[Exercise data]

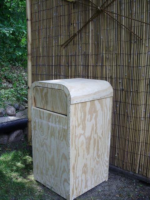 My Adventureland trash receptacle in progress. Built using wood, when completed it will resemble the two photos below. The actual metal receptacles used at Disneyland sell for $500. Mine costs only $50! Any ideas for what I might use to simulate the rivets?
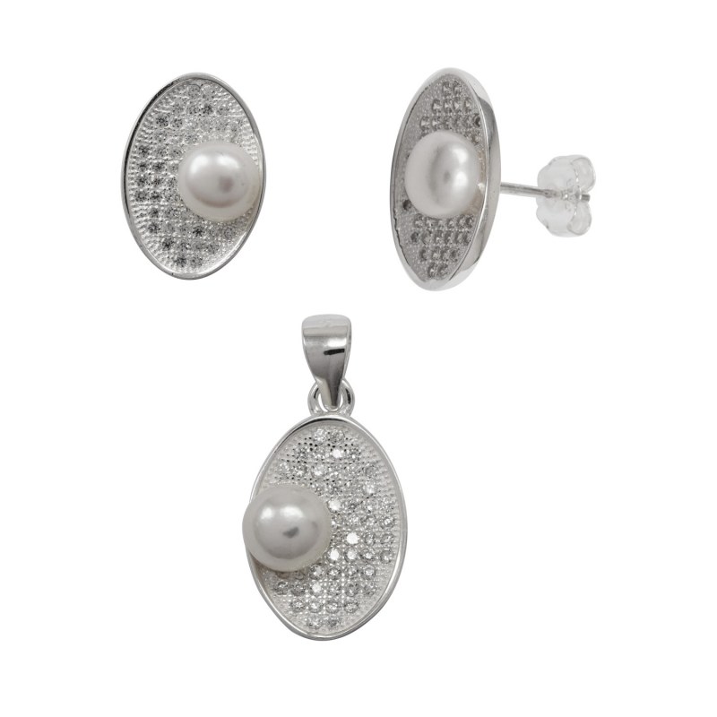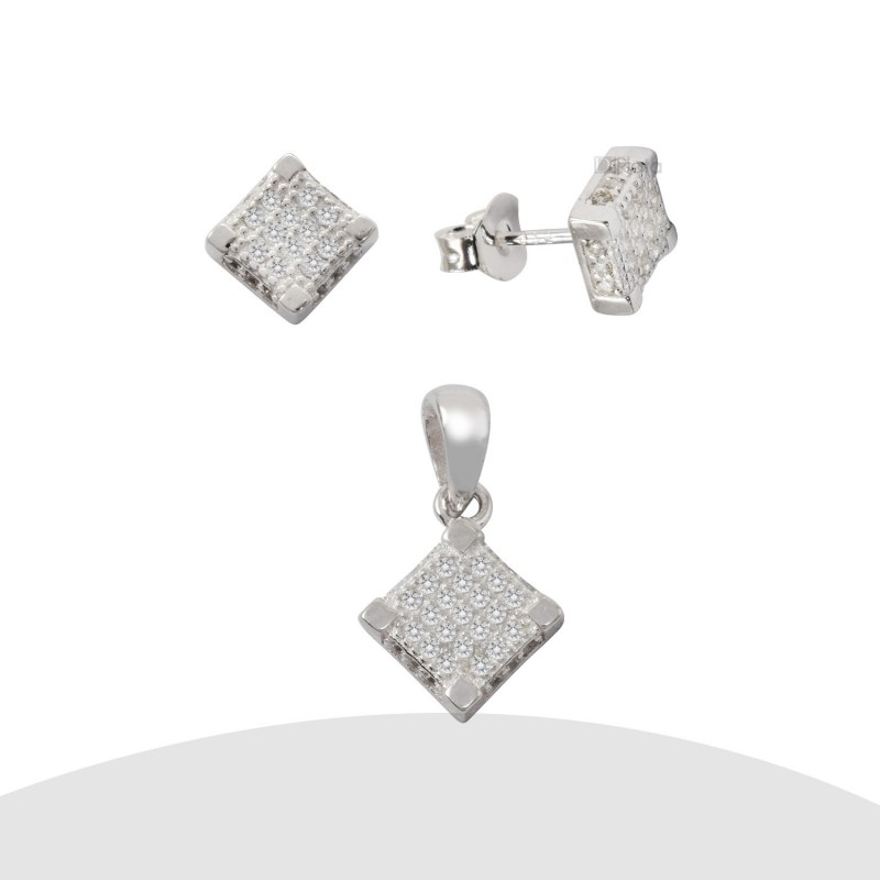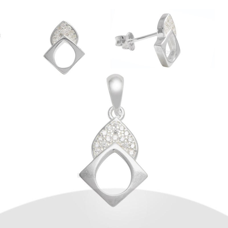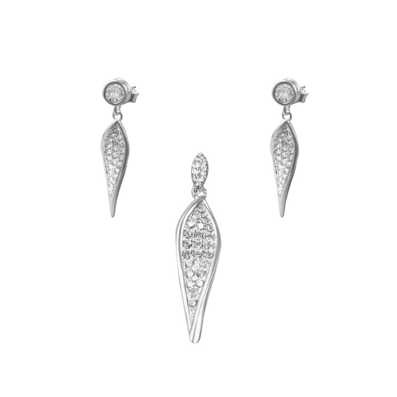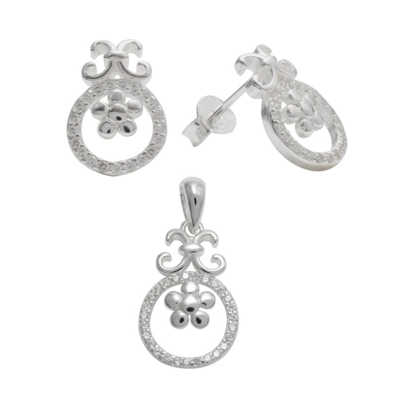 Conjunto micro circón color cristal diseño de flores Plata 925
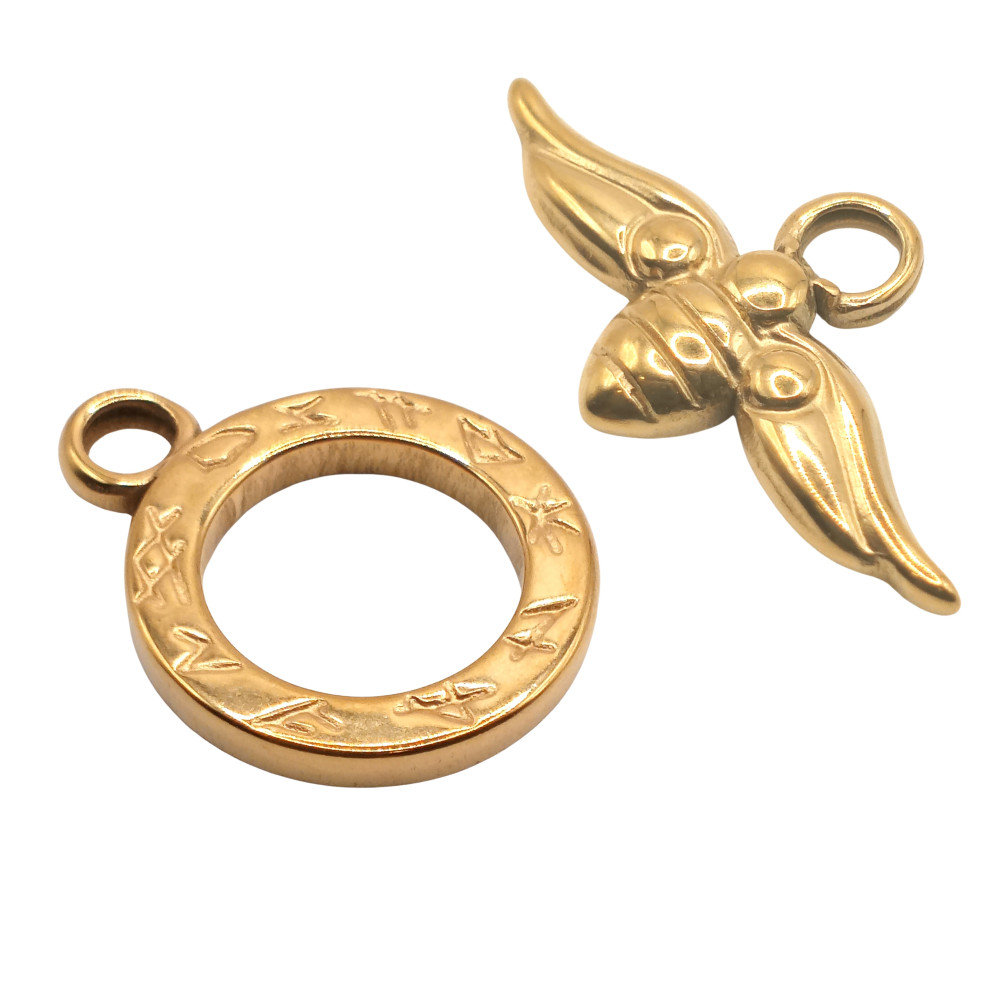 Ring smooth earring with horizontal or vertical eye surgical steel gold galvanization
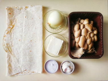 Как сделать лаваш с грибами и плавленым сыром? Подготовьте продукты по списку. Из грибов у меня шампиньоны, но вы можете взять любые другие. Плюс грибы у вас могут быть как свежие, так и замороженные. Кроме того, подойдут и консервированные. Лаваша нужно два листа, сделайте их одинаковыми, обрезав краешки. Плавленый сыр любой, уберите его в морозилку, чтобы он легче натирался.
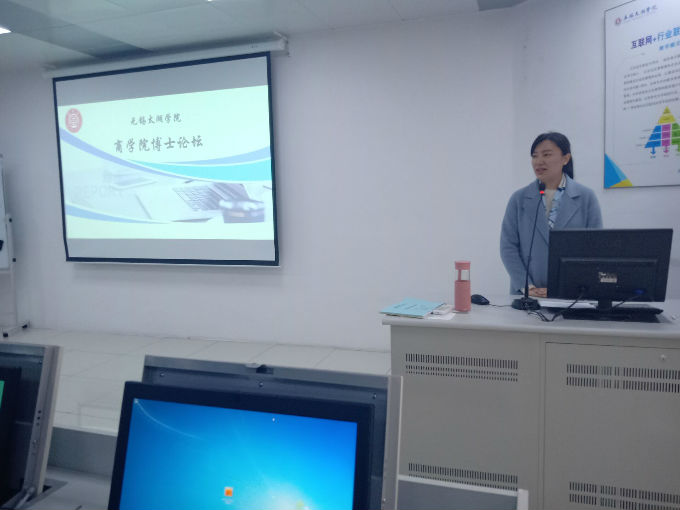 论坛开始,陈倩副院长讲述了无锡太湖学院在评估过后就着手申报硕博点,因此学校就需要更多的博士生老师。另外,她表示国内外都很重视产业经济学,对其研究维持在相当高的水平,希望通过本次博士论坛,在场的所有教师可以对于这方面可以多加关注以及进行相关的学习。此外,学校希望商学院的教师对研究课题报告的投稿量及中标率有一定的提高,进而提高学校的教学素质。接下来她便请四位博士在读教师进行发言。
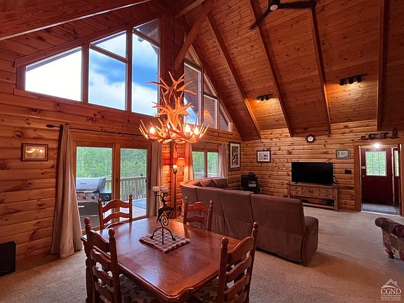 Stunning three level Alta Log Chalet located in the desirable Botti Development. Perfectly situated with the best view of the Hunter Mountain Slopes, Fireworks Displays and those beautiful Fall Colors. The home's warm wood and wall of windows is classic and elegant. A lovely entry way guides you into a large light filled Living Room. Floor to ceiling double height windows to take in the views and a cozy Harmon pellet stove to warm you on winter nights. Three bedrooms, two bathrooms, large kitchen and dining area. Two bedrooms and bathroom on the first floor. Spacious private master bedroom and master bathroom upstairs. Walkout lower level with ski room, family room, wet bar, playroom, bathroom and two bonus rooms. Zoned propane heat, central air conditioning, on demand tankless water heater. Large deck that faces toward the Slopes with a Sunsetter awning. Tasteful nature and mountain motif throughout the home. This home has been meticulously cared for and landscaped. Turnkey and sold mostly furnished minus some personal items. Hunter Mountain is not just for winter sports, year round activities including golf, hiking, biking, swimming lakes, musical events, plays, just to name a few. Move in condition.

[/Exercise data]

◆ **Problem description**
The line containing "Ring smooth earring" marks the end: transcribe every line from the start of the listing up to and including it, minus the pictures.

◆ **Answer to the exercise**
 My Adventureland trash receptacle in progress. Built using wood, when completed it will resemble the two photos below. The actual metal receptacles used at Disneyland sell for $500. Mine costs only $50! Any ideas for what I might use to simulate the rivets?
 Conjunto micro circón color cristal diseño de flores Plata 925
 Ring smooth earring with horizontal or vertical eye surgical steel gold galvanization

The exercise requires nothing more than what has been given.